Se alejó de la puerta y contempló su casa. Una tenue luz sobre la puerta proyectaba unas extrañas sombras en los rincones de la sala de espera. Oyó el aire acondicionado y, más allá, los ruidos apagados de la calle, pero aparte de eso, sólo un silencio agobiante.

La puerta de la consulta estaba abierta. De pronto tuvo la sensación de que, cuando había dejado el refugio de su hogar esa tarde minutos después de la visita de Virgil, había cerrado esa puerta tras él, como era su costumbre. La aprensión le carcomió y lo llenó de dudas. Contempló la puerta abierta mientras trataba de recordar con desesperación sus pasos exactos al irse.

Se vio poniéndose la corbata y la chaqueta, inclinándose para anudarse los cordones de los zapatos, dándose unas palmaditas en los bolsillos para comprobar que llevaba la cartera y las llaves. Se vio cruzando el piso y saliendo por la puerta principal, esperando a que bajara el ascensor del tercer piso, saliendo a la calle, donde el bochorno seguía. Todo esto estaba de lo más claro. No había sido una salida distinta a millares de otras en millares de días. Fue a la vuelta cuando todo parecía torcido o algo deforme, como ver su imagen reflejada en un espejo de feria, distorsionada por mucho que uno se contorneara y girara.

«¿Cerraste esta puerta?», gritó para sus adentros. Se mordió el labio, frustrado, y procuró recordar el tacto del pomo en la mano, el ruido de la puerta al cerrarse a su espalda. El recuerdo le eludió, y permaneció inmóvil, incapaz de recordar ese simple acto cotidiano. Y entonces se hizo una pregunta aún peor, aunque todavía no se percató demasiado de ello: «¿Por qué no puedes recordarlo?».

Inspiró hondo y se tranquilizó pensando que debió de dejarla abierta por descuido.
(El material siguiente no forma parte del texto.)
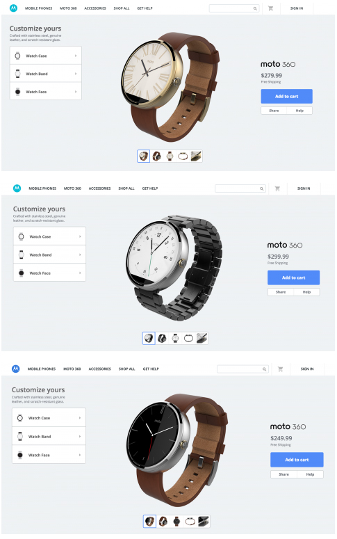 Как и было обещано ранее, в фирменном сервисе Moto Maker компании Motorola появилась возможность настройки внешнего вида "умных" часов Moto 360 перед покупкой. К сожалению, возможностей для кастомизации часов не так много, как хотелось бы. Пользователю доступно на выбор три цвета корпуса: серебристый, тёмно-серый и золотистый, который прибавит $30 к стоимости часов. Также вы можете выбрать ремешок: 22-мм кожаный, доступный в трёх цветах, 24-мм с металлическими звеньями (+$50 к стоимости), 23-мм или 18-мм металлический в тех же цветах, что и корпус, за дополнительные $50. Помимо этого, компания предлагает на выбор 11 цифровых циферблатов, один из которых может быть бесплатно предустановлен перед отправкой.

Pero siguió sin moverse. De repente se sintió desfallecer. Casi como si se hubiese estado peleando, o al menos, lo que imaginaba que sería pelear con alguien, porque de golpe cayó en la cuenta de que nunca se había peleado con nadie, aparte de las esporádicas peleas de adolescentes que parecían increíblemente distantes en el tiempo.

La oscuridad parecía burlarse de él. Aguzó el oído hacia la habitación oscura. «Ahí dentro no hay nadie», se aseguró. Pero, como si quisiera subrayar la mentira, dijo en voz alta:

—¿Hola?

El sonido de esa única palabra pronunciada en aquel reducido espacio tensó a Ricky. Lo invadió la sensación de estar haciendo el ridículo. Se dijo que un niño se asustaba de las sombras, no un adulto. En particular, uno como él, que había pasado toda su vida adulta tratando con secretos y terrores ocultos.

Avanzó intentando recobrar la compostura. Se recordó que estaba en casa. Estaba a salvo.

Aun así, quiso encender la luz deprisa mientras vacilaba en el penumbroso umbral y palpó la pared con la mano hasta encontrar el interruptor, que accionó al instante.

No pasó nada. La negrura de la habitación permaneció intacta. Soltó un grito ahogado. Pulsó el interruptor varias veces, como si se negara a admitir que no había luz en la habitación.

—¡Por todos los demonios! —maldijo en voz alta, pero no entró.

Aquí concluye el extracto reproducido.